Non-financial risks:

  1. Strategic risk – refers to the risk of potential failures resulting from decisions made by the governing bodies, internal events (governance, incorrect strategy setting, resource insufficiency), or external events (national policies, regulations, technologies, external interference, exceptional situations), which could prevent the bank from achieving its established strategic objectives. Strategic risks are identified within the operational processes related to strategic planning and are assessed according to the Operational Risk Management Framework.
  2. Operational risk – represents a potential financial, operational, and/or reputational impact on the bank, which arises from or is conditioned by inadequate or failed internal governance, business processes, people, systems/infrastructure, or the external environment.
    The National Bank of Moldova identifies legal risk as part of operational risk, assessed according to the Operational Risk Management Framework in business processes.

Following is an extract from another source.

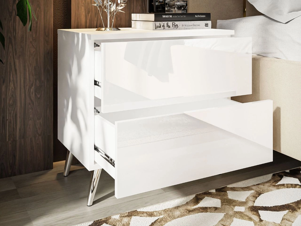 Stolik nocny z szufladami na srebrnych nogach Nuveo Biały połysk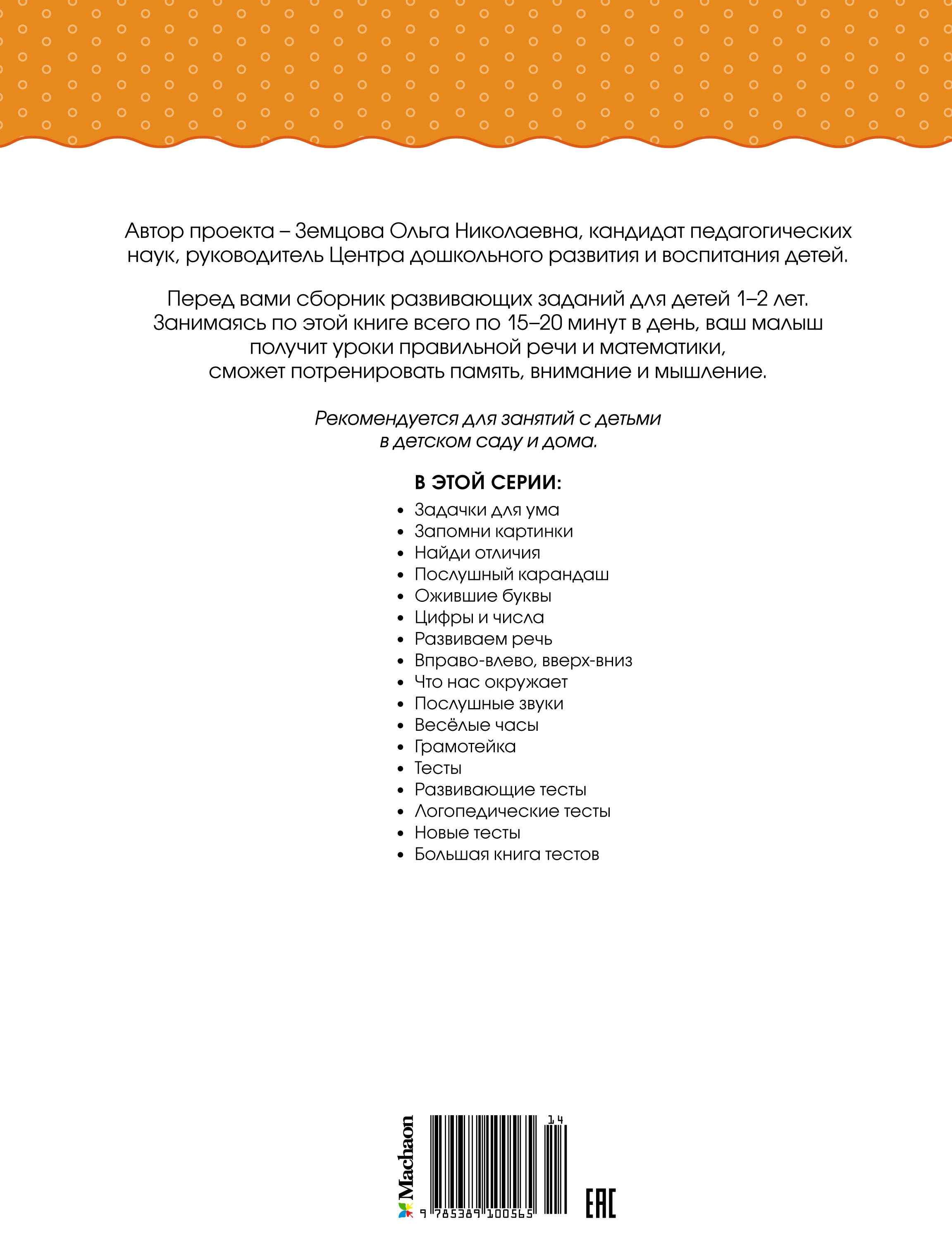 Автор проекта - Земцова Ольга Николаевна, кандидат педагогических наук, руководитель Центра дошкольного развития и воспитания детей. Перед вами сборник развивающих заданий для детей 1-2 лет. Занимаясь по этой книге всего по 15-20 минут в день, ваш малыш получит уроки правильной речи и математики, сможет потренировать память, внимание и мышление. Для детей до 3-х лет.| Издательство | Азбука-Аттикус Издат.группа ООО |

This risk may result from the regulatory framework, non-compliance with or misunderstanding of normative provisions, ambiguity or insufficiency of applicable regulations, the drafting of normative acts, processes of representing the interests of the National Bank in court, procurement processes concerning the enforcement of contractual rights, etc. For the identified risks, the impact on operations, reputational impact, and financial impact on the operational processes of the National Bank are assessed.
  3. Climate Risk – The National Bank of Moldova is in the process of developing a framework for integrated risk management, along with policies, processes, and controls to incorporate climate risks into integrated risk management. The objectives are focused on improving the resilience of the banking sector, promoting sustainable financing, understanding environmental risks, education and research, and managing its own operations.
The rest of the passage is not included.